FastAPI plus the Anthropic Python SDK is my default stack for shipping AI features inside a backend. Streaming via Server-Sent Events keeps the UX responsive, the SDK handles retries cleanly, and FastAPI's async handlers slot in naturally. I shipped this exact wrapper for a Bengaluru client last month. This is the structure that landed, plus the SSE encoding gotcha that cost me an evening.
What you'll build
A FastAPI server with a /chat endpoint that streams Claude Sonnet 4.6 responses via SSE, deployed locally for testing, with a working browser client. Roughly 40 minutes including the test client.
Caption: FastAPI server on the ThinkCentre streaming Claude responses to a test browser client.
Prerequisites
- Python 3.11+
- An Anthropic API key with credits
- Basic familiarity with async Python
- A browser to test the SSE client
If your client is not a browser, swap the SSE response for a chunked HTTP response or websockets.

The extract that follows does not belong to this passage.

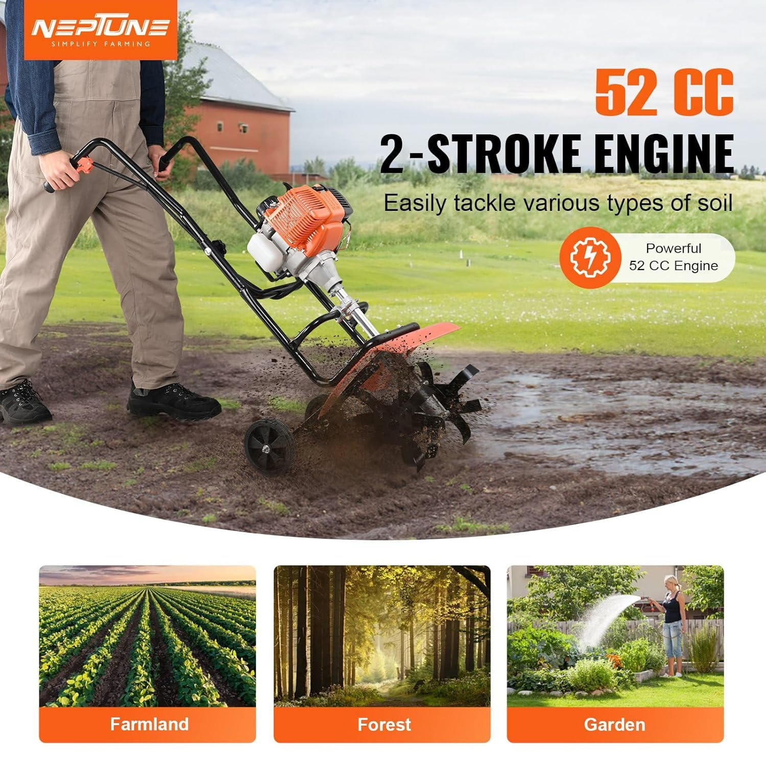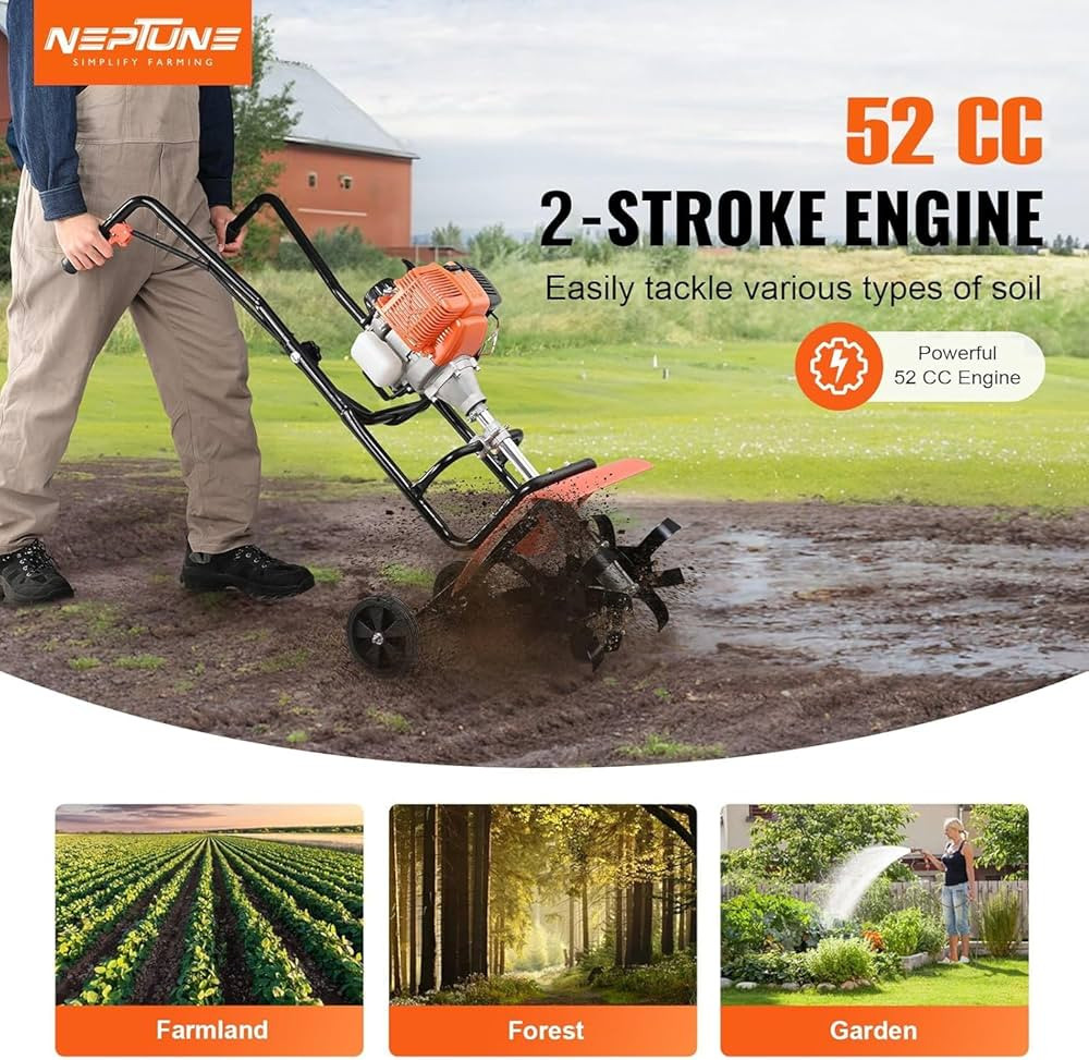 petrol engine and strong metal blades to reduce service and maintenance

The server-side logic does not change.
Step 1, set up the venv
mkdir -p ~/projects/claude-api
cd ~/projects/claude-api
python3 -m venv .venv
source .venv/bin/activate
pip install fastapi uvicorn anthropic sse-starlette

The sse-starlette package gives you proper SSE response handling without writing the protocol by hand.
Step 2, write the FastAPI app
Create main.py:
import os
from fastapi import FastAPI
from fastapi.middleware.cors import CORSMiddleware
from pydantic import BaseModel
from sse_starlette.sse import EventSourceResponse
from anthropic import AsyncAnthropic
app = FastAPI()
app.add_middleware(
CORSMiddleware,
allow_origins=["http://localhost:3000"],
allow_methods=["POST"],
allow_headers=["*"],
)
client = AsyncAnthropic(api_key=os.environ["ANTHROPIC_API_KEY"])
class ChatRequest(BaseModel):
message: str
system: str | None = None
@app.post("/chat")
async def chat(req: ChatRequest):
async def event_stream():
async with client.messages.stream(
model="claude-sonnet-4-6",
max_tokens=2048,
system=req.system or "You are a concise assistant.",
messages=[{"role": "user", "content": req.message}],
) as stream:
async for text in stream.text_stream:
yield {"data": text}
yield {"event": "done", "data": ""}
return EventSourceResponse(event_stream())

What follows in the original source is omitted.